The bill shifts federal policy toward decarceration, voting restoration, and custodial reform—expanding rights and improving outcomes for millions while likely increasing government spending, creating transitional legal and administrative challenges, and raising concerns about public safety and local revenue.
Up to an estimated 6.1 million people with felony convictions—disproportionately Black and Latino voters—would regain voting eligibility, expanding civic participation.
Communities of color would likely experience fewer arrests and shorter prison terms if federal incarceration is reduced and racial disparities are addressed.
People with criminal records—especially low-income individuals—would have improved reentry outcomes and better employment prospects if collateral consequences are reduced and communities are invested in.
Taxpayers may face higher federal spending or the reallocation of budgets to fund alternatives to incarceration and community investments, potentially raising costs or shifting priorities.
Some communities could face increased public safety concerns if reductions in enforcement and detention are not paired with effective alternatives, oversight, and transition plans.
Local governments and court systems could lose revenue from eliminating fines, fees, and cash bail, requiring new funding mechanisms for courts and victim services.
Based on analysis of 2 sections of legislative text.
Declares an incarceration crisis and urges federal action to reduce detention and prison populations, eliminate racial and wealth disparities and profiteering, and invest in impacted communities.
Introduced August 19, 2025 by Ayanna Pressley · Last progress August 19, 2025
Declares that the United States is facing an incarceration crisis that causes long-term harm to families and communities, and that racial and economic disparities and profiteering worsen these harms.
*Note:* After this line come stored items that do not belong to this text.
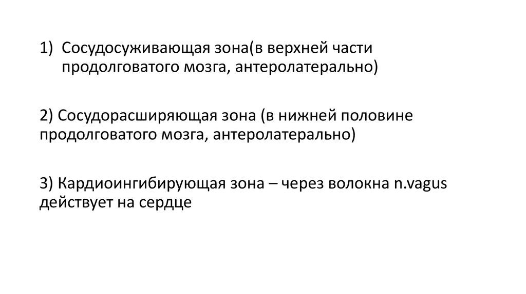 1) Сосудосуживающая зона(в верхней частипродолговатого мозга, антеролатерально)
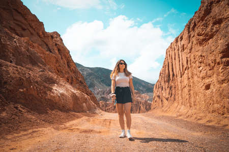 Wide angle view of a caucasian woman walking and holding her mobile phone on a mountain road. Horizontal. With copy space.
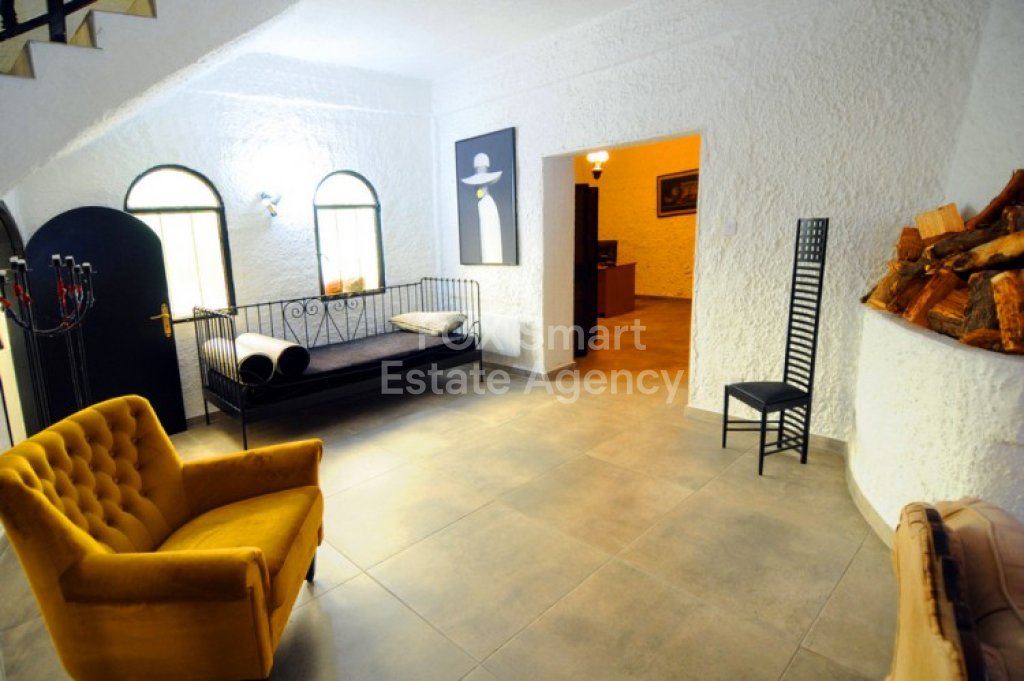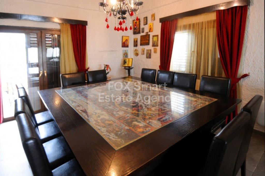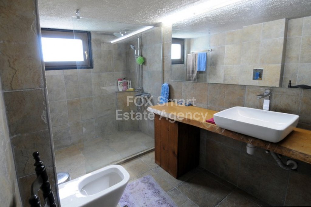 Beautiful classic traditional 4 bedroom semi detached house for sale in Eleonon in Strovolos. The house has been renovated in 2020 and has a huge garden, yard with stone and a nice swimming pool. The ground floor consists of a comfortable sitting/ dining room with a fire place, a nice semi- open kitchen with solid wood cupboards, electrical appliances and a quest toilet.Walking up the staircase to the 1st floor will lead yo to a corridor and the 4 bedrooms with the spacious master bedroom en-suite , another ensuite bedroom has a walk- in closet, a full bathroom, a store room and 2 balconies with a nice view. It also features photovoltaics, pressurised water system, double glazing windows, heater units, a/cs in all areas, 2 extra store rooms, 1 covered parking space and 2-3 uncovered parking spaces. The materials used for building the house as well as for the renovation are of excellent qualities.
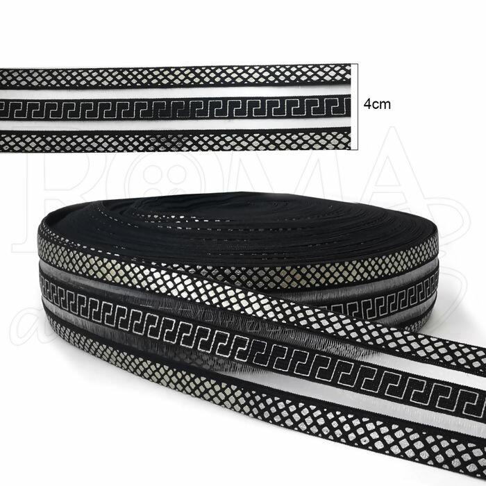 Elástico Poliéster Estampado - 4cm x 10y - Preto - RO.150098

It calls on the federal government to reduce jail, prison, and immigration detention populations, eliminate disparities based on race and wealth, stop corporate profiteering from incarceration, invest in impacted communities, and pursue mass decarceration while affirming public safety and humane treatment. Summarizes data on unequal incarceration rates, the number of people in solitary confinement and detention, the debt and collateral consequences faced by people with criminal records, and the release rate from prison; highlights harms from cash bail, fines and fees, and past laws that expanded incarceration policies.